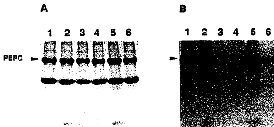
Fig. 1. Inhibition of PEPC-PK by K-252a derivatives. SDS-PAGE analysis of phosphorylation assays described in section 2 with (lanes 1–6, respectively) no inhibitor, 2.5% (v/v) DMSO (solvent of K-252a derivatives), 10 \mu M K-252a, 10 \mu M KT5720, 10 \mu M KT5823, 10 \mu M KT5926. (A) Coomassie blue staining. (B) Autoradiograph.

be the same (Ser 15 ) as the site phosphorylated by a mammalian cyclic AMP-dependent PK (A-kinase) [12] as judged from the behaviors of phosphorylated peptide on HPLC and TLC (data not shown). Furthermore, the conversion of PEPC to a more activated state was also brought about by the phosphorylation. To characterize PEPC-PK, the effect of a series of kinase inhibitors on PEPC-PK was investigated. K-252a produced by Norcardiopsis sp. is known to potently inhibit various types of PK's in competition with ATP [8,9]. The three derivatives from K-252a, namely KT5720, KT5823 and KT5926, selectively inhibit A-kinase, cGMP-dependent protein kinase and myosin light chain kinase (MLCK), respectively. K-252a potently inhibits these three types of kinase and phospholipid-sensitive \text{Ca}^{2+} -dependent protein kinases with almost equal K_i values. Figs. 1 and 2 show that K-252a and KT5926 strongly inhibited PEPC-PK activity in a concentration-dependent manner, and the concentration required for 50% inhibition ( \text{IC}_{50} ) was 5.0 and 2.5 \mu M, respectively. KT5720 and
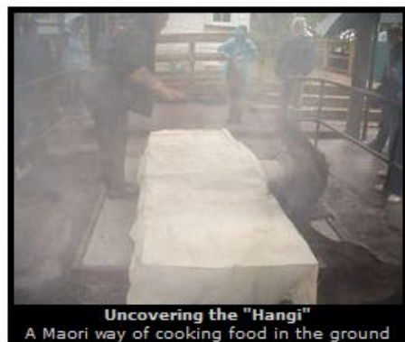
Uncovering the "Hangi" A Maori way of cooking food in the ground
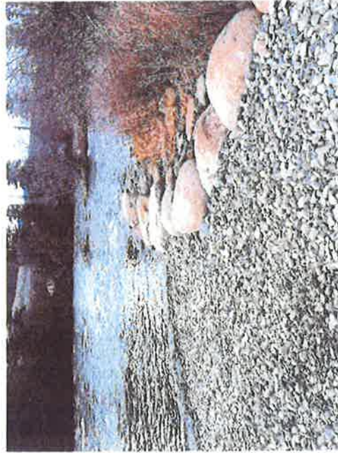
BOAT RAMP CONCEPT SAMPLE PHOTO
══════════════════════════════
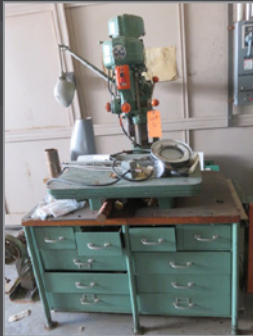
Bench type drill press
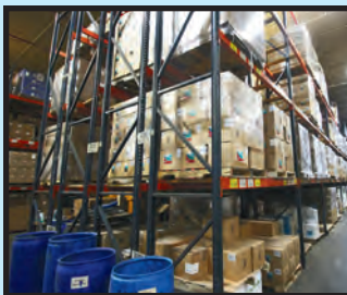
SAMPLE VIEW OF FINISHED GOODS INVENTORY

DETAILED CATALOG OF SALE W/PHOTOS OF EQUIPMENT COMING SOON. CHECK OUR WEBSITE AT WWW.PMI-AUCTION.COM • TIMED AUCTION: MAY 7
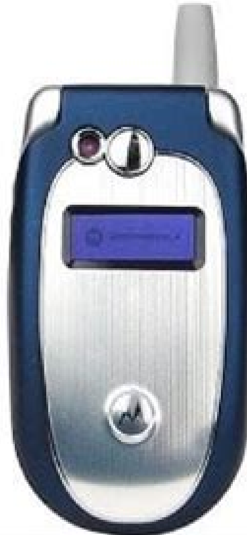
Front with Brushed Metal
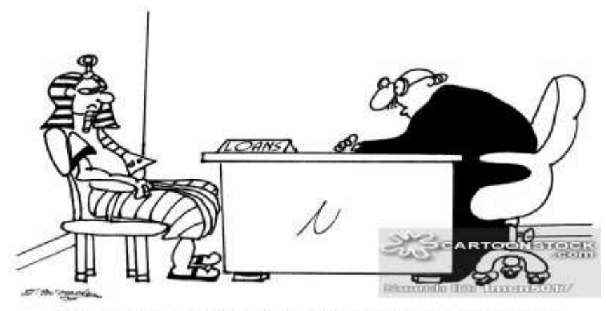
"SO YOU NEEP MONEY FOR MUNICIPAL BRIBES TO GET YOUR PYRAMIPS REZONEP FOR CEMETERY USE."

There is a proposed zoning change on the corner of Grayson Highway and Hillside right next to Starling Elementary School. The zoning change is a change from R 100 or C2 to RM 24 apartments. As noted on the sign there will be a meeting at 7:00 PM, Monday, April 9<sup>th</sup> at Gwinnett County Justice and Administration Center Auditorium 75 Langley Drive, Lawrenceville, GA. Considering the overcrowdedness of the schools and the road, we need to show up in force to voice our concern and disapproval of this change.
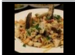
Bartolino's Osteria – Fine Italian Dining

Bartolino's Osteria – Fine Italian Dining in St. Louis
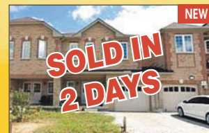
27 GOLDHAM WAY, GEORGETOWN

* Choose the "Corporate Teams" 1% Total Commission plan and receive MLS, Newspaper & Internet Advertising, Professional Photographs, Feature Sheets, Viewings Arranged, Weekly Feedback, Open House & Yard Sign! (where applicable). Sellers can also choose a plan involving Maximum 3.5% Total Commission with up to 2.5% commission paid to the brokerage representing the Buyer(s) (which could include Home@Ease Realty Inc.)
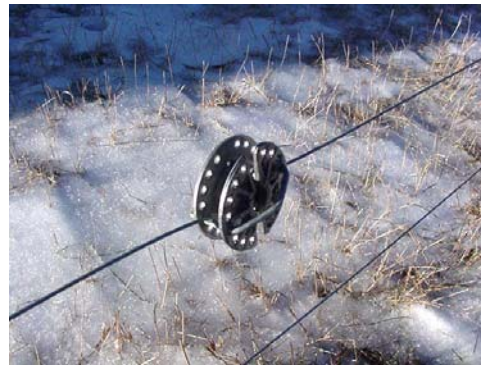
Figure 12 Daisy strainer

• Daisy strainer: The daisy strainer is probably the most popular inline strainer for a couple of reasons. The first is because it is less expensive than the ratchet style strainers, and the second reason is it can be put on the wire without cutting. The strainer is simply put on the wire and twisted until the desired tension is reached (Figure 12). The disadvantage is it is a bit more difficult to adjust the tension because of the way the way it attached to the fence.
══════════════════════════════
YOUR OBJECTIVE.
Look back over the records above. Reproduce exactly everything from the line with "Bench type drill press" down to the line with "YOU NEEP MONEY", inclusive, and leave the pictures out.

THE COMPLETED TASK.
Bench type drill press
SAMPLE VIEW OF FINISHED GOODS INVENTORY

DETAILED CATALOG OF SALE W/PHOTOS OF EQUIPMENT COMING SOON. CHECK OUR WEBSITE AT WWW.PMI-AUCTION.COM • TIMED AUCTION: MAY 7
Front with Brushed Metal
"SO YOU NEEP MONEY FOR MUNICIPAL BRIBES TO GET YOUR PYRAMIPS REZONEP FOR CEMETERY USE."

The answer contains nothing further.